One of my favorite books (and series) of all time. I enjoyed the audio version of this book a lot, too, when I discovered it a few years ago.
I just reread this on Sunday, and now I’m torn between returning to the others and going on with my new Christmas books.
The thing that struck me is how I felt I knew each of Will’s sibs from the tiny bits we had of each. I know that’s got to be the reader’s 50% too, but the writer’s 50% has to be good for that to work.
The Dark Is Rising is one of my absolute favorite children’s series. I too had a mild fit in the theatre when I saw the awful trailer for the presumably-awful film; changing Will’s nationality changes the entire story! When I read The Grey King in sixth grade I was obsessed and read it several more times before reading the entire sequence in proper order. As I’ve gotten older, I’ve developed a new appreciation for Greenwitch as well. However, my early love of The Grey King still makes me want to learn Welsh and visit Wales! Someday. I’d love to do a “Dark Is Rising” tour of Britain and visit all of the important locations. Someday. :)
Susan Cooper is just amazing. I’ve read and loved all of her books. She’s awesome all around.

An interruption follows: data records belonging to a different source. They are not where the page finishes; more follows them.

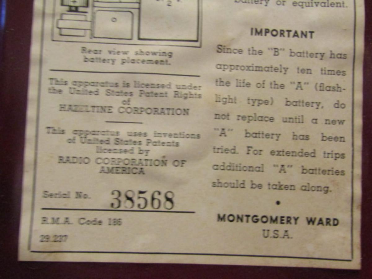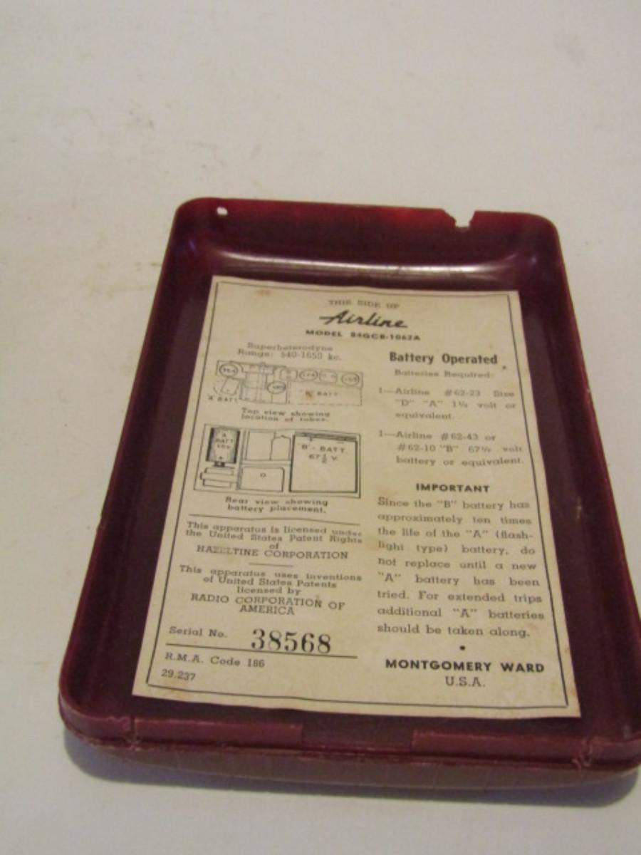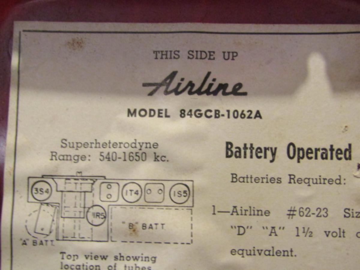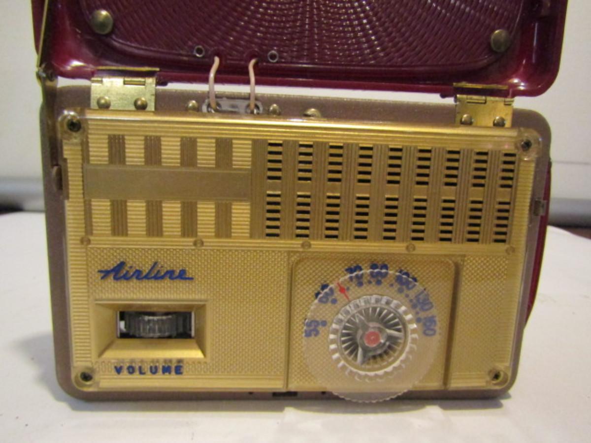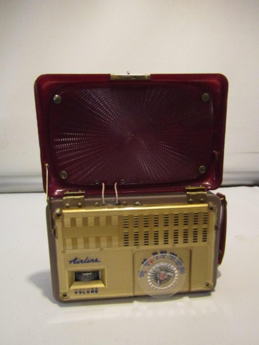 Vintage Airline Portable Radio- Model 84GCB-1062A- Item is Untested. Back cover is loose and does not snap on properly.
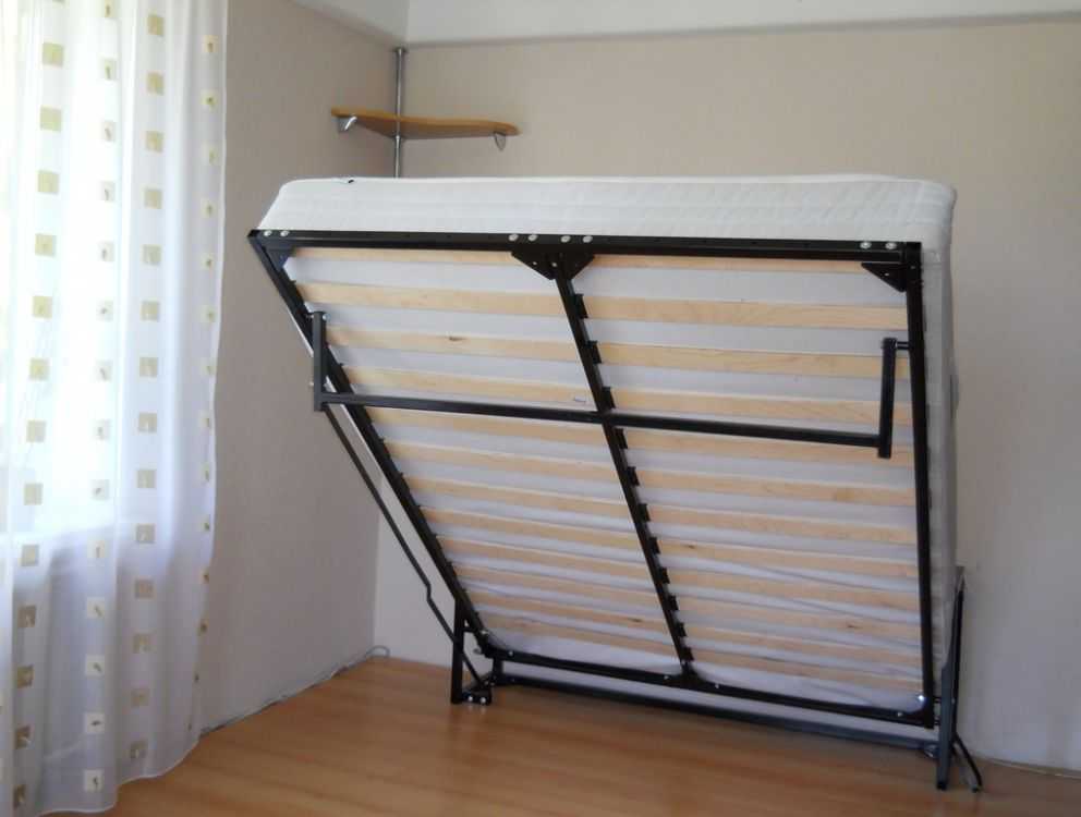 Механизм подъема матраса во многом зависит от типа кровати. Если эта кровать стационарная, на ней скорей всего будет подъемный механизм виктория, для которого применяют газовые амортизаторы или устройства на витых пружинах. Для встраиваемых кроватей используют механизм на откидных петлях, конструкция которого может отличатся в зависимости от направления складывания.
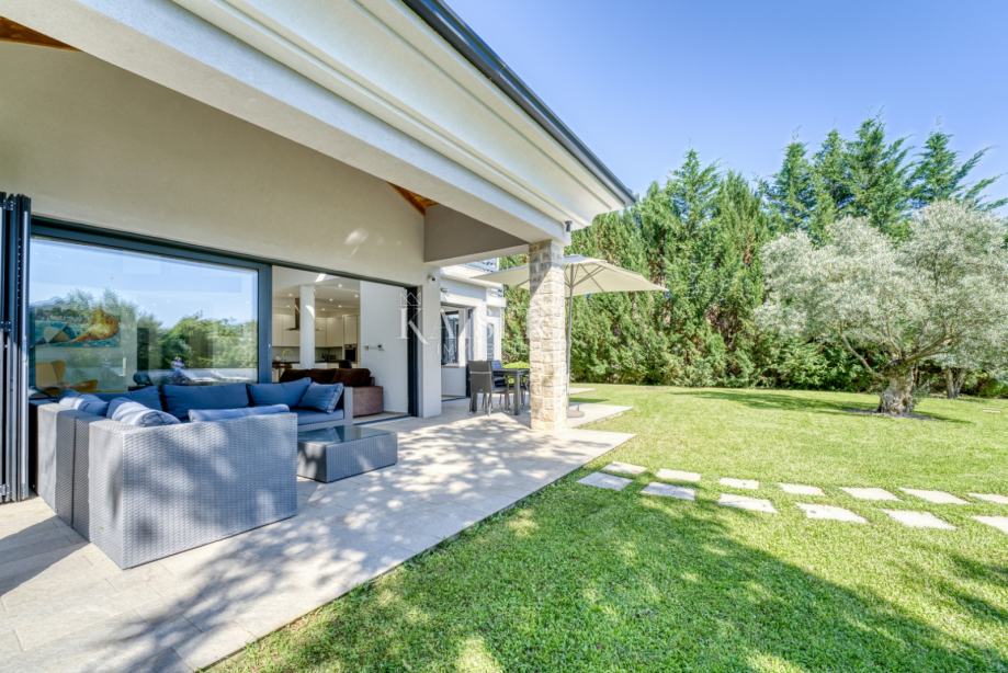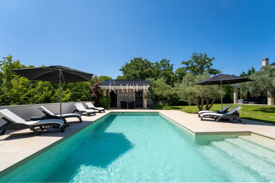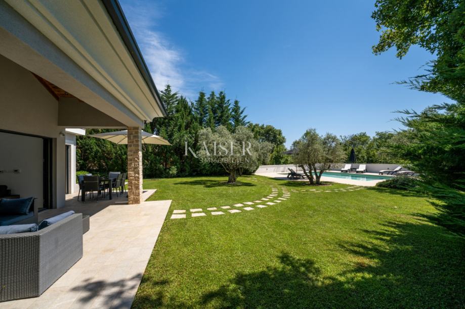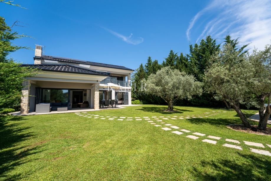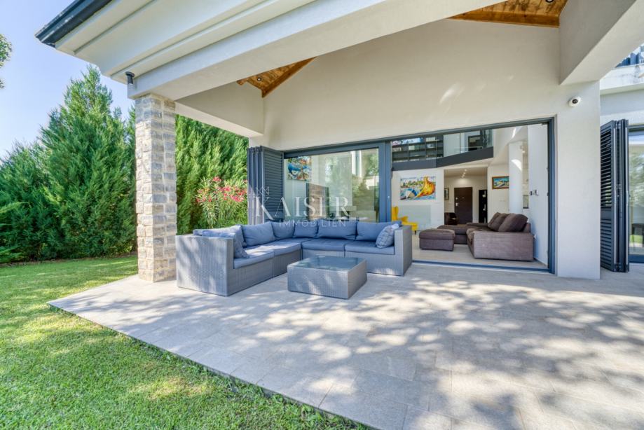 SAMO V NAŠI PONUDBI! Če iščete mir, ki ga ni mogoče opisati z besedami, žvrgolenje ptic zjutraj, oranžne poletne večere, pesem čričkov in omamni vonj zelenja v osrčju sredozemskega otoka, je ta nepremičnina prava izbira za vas. Kaiser immobilien ekskluzivno posreduje pri prodaji te izjemno luksuzne nepremičnine, ki se nahaja v čarobni notranjosti otoka Krk na Krasu, najvišje ležečem naselju na otoku. Te vile je nemogoče opisati z besedami, najbolje jo je doživeti od blizu. Vila že na prvi pogled daje vtis varne, mirne in sodobne družinske hiše, ki uporablja najboljše sodobne tehnologije in tradicionalne načine gradnje, kar vse skupaj rezultira v popolni kombinaciji skladnega dizajna, nizke porabe energije in luksuznih detajlov. Ob samem pristopu k objektu, v senci že oblikovanih dreves, je prostorno parkirišče. Ograja, ki se odpira na daljavo, skriva prostorno ograjeno dvorišče v sprednjem delu vrta, kjer je mediteranski vrt, drevored in delujoč čudovit kamnit vodnjak. Vila se nahaja na ograjeni parceli 1.000m2 in je sestavljena iz treh etaž, pritličja, prvega nadstropja in kleti, s skupno bivalno površino 290m2. Nahaja se v harmoničnem in mirnem okolju, hkrati pa v bližini vseh pomembnih vsebin. Za masivnimi vhodnimi vrati vstopimo v predsobo v pritličju, ki je sestavljena iz "open space" dnevne sobe, ki obsega dnevno sobo, kuhinjo in jedilnico. Dnevno sobo krasi visok strop, ki pripomore k zračnosti in izredno dobri osvetlitvi z naravno svetlobo ter čudovit kamin Palazzetti, ki pripomore k vzdušju in po potrebi tudi greje v zimskih mesecih. Iz dnevne sobe je skozi masivno aluminijasto stekleno steno izhod na prostorno pokrito teraso s pogledom na skladno urejen vrt. V pritličju je še spalnica za goste z lastno kopalnico, shramba in WC. Ena od posebnosti te nepremičnine je tudi prostorna garaža velikosti 30 m2 z garažnimi vrati Hörmann, ki je povezana z vežo v pritličju za vstop v hišo direktno iz vozila. V prvem nadstropju so tri spalnice z lastnimi kopalnicami, do katerih vodi stopnišče iz pritličja. Glavna spalnica in kopalnica imata izhod na teraso s čudovitim pogledom na morje in gozdnate predele osrednjega dela otoka. Ta soba ima tudi prostorno garderobno omaro. Preostali dve spalnici imata skupen izhod na teraso in francoski balkon. Vila ima tudi klet, kjer je družabni prostor z delno steklenim stropom ter pralnica in strojnica. Pri gradnji in opremi so bili uporabljeni vrhunski materiali, kot so Porotherm blok 35 cm v kombinaciji z 18 cm stenske izolacije in 24 cm strešne izolacije, plinsko talno ogrevanje Viesmann z wi-fi regulacijo, solarni kolektorji in kamin priključen na centralno ogrevanje, alu stavbno pohištvo in polkna, Velux okna in senčila z avtomatskim zapiranjem v primeru dežja in sončne energije, masivni kamniti okenski okvirji, kopalnice Villeroy&Boch. Vse sobe so klimatizirane. Varnostni sistem je sestavljen iz 6 kamer, video nadzora in alarma, ki je neposredno povezan z izvajalcem varnostnih storitev. Internetna povezava poteka preko optičnega kabla. Na prostornem in brezhibno urejenem vrtu se nahaja travnata površina, ki vodi do ogrevanega bazena dimenzij 9,5x5m, obloženega z vrhunsko keramiko. Na voljo je tudi prostor za sončenje, tuš in nadzemna strojnica z robotskim čistilcem bazenov. Vrtnarstvo je skrbno izbrano in skrbno negovano, izpostavljamo neokrnjeno zelenico, na kateri rastejo štiristoletne oljke, ki lastnikom iz leta v leto ponujajo možnost, da s količino svojih plodov izdelajo lastno ekstra deviško oljčno olje. Druga posebnost te nepremičnine, ki jo dela zaželeno, je zagotovo rezervoar za pitno vodo s prostornino 150 m3, ki v kombinaciji z bakrenimi strešnimi žlebovi predstavlja dodaten vir celoletne oskrbe s pitno vodo za vse člane gospodinjstva in goste. Cisterna za pitno vodo v kombinaciji s tehnologijo in materiali, uporabljenimi pri izdelavi, prispeva k izjemno nizkim režijskim in vzdrževalnim stroškom. Nepremičnina se prodaja opremljena in opremljena. Provizija agencije za kupca znaša 3% + DDV in se plača v primeru nakupa nepremičnine ob sklenitvi prvega pravnega posla. Trgovina: 100m Restavracije: 2000m Plaža: 4000m Otroško igrišče: 100m Letališče: 15km Kras se nahaja v notranjosti otoka, skoraj v njegovem geografskem središču, na križišču cest, ki vodijo iz Dobrinja proti Krku ali Malinski. Kars je najvišje ležeče naselje na otoku Krk, ki leži 266 metrov nad morjem. V neposredni bližini je najvišji vrh tega dela otoka, Sv. Juraj, 311 m, prvič se omenja leta 1230 v stari glagolski listini. Toponomist in romanopisec Petar Skok izpeljuje ime Kras iz predlatinske, morda ilirske besede "carsus", iz katere se je razvila hrvaška beseda kras, krs.

Menshevixen: While I don’t wish to discourage you from learning Welsh, there’s no need to learn it to visit Wales — as you can tell from The Grey King many people living there don’t speak Welsh and even those who have Welsh as a first language are totally bilingual.
Visiting the places in the books is a perfectly reasonble ambition. I’ve often thought it would be fun to organize a tour of Children’s Book Britain, with trips to Cadfan’s Way (where the kestrels really do call) and Alderney Edge and Green Knowe.